The reply to the records below should contain exactly the lines from the line with "Gypsy Peppers are" through the line with "发令枪响,身着蓝色纪念衫的青", and nothing besides.

Data supplied:
------------------------------------------------
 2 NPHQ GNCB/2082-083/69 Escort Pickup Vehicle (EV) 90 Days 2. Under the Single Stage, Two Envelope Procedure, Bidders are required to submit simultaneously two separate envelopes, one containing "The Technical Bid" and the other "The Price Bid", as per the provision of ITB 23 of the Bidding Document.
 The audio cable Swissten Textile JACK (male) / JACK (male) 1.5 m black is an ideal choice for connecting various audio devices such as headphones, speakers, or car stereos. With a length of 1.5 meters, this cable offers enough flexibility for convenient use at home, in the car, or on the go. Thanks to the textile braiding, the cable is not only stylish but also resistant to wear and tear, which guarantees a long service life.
------------------------------------------------
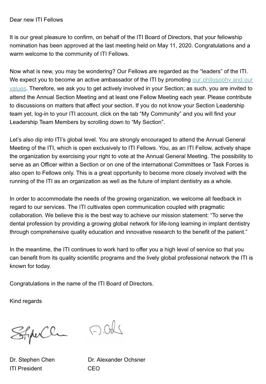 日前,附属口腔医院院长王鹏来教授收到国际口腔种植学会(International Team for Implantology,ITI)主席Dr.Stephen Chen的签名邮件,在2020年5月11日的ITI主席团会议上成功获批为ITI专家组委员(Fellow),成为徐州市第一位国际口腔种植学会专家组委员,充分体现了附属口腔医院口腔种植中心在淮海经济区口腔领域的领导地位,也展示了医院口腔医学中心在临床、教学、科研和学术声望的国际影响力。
------------------------------------------------
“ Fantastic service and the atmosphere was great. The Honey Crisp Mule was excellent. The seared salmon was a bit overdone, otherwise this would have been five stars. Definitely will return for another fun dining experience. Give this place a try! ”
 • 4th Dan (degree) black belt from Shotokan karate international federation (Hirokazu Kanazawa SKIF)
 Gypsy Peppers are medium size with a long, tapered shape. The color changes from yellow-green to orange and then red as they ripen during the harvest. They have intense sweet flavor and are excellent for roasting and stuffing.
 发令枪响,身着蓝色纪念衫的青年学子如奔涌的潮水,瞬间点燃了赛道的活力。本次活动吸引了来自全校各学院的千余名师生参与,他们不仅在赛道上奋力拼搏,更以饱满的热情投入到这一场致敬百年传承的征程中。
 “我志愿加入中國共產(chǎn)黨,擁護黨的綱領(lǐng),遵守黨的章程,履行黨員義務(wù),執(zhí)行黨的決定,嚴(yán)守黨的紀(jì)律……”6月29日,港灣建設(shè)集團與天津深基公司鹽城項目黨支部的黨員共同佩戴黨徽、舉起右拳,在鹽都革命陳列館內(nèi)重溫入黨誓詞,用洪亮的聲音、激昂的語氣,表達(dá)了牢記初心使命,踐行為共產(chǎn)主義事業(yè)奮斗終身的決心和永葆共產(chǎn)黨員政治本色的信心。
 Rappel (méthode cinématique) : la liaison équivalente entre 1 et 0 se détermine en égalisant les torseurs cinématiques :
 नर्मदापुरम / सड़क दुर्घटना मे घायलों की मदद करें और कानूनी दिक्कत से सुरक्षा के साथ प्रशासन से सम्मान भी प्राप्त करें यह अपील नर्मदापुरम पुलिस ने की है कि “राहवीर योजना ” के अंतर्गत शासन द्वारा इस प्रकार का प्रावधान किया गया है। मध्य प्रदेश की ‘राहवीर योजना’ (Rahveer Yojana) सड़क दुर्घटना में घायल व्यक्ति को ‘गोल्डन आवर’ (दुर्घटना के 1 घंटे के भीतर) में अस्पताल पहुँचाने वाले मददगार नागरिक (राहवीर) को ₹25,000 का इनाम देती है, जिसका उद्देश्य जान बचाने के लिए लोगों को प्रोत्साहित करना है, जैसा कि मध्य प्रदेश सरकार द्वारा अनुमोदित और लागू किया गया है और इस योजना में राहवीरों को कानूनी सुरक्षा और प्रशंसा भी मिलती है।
------------------------------------------------
Output:
 Gypsy Peppers are medium size with a long, tapered shape. The color changes from yellow-green to orange and then red as they ripen during the harvest. They have intense sweet flavor and are excellent for roasting and stuffing.
 发令枪响,身着蓝色纪念衫的青年学子如奔涌的潮水,瞬间点燃了赛道的活力。本次活动吸引了来自全校各学院的千余名师生参与,他们不仅在赛道上奋力拼搏,更以饱满的热情投入到这一场致敬百年传承的征程中。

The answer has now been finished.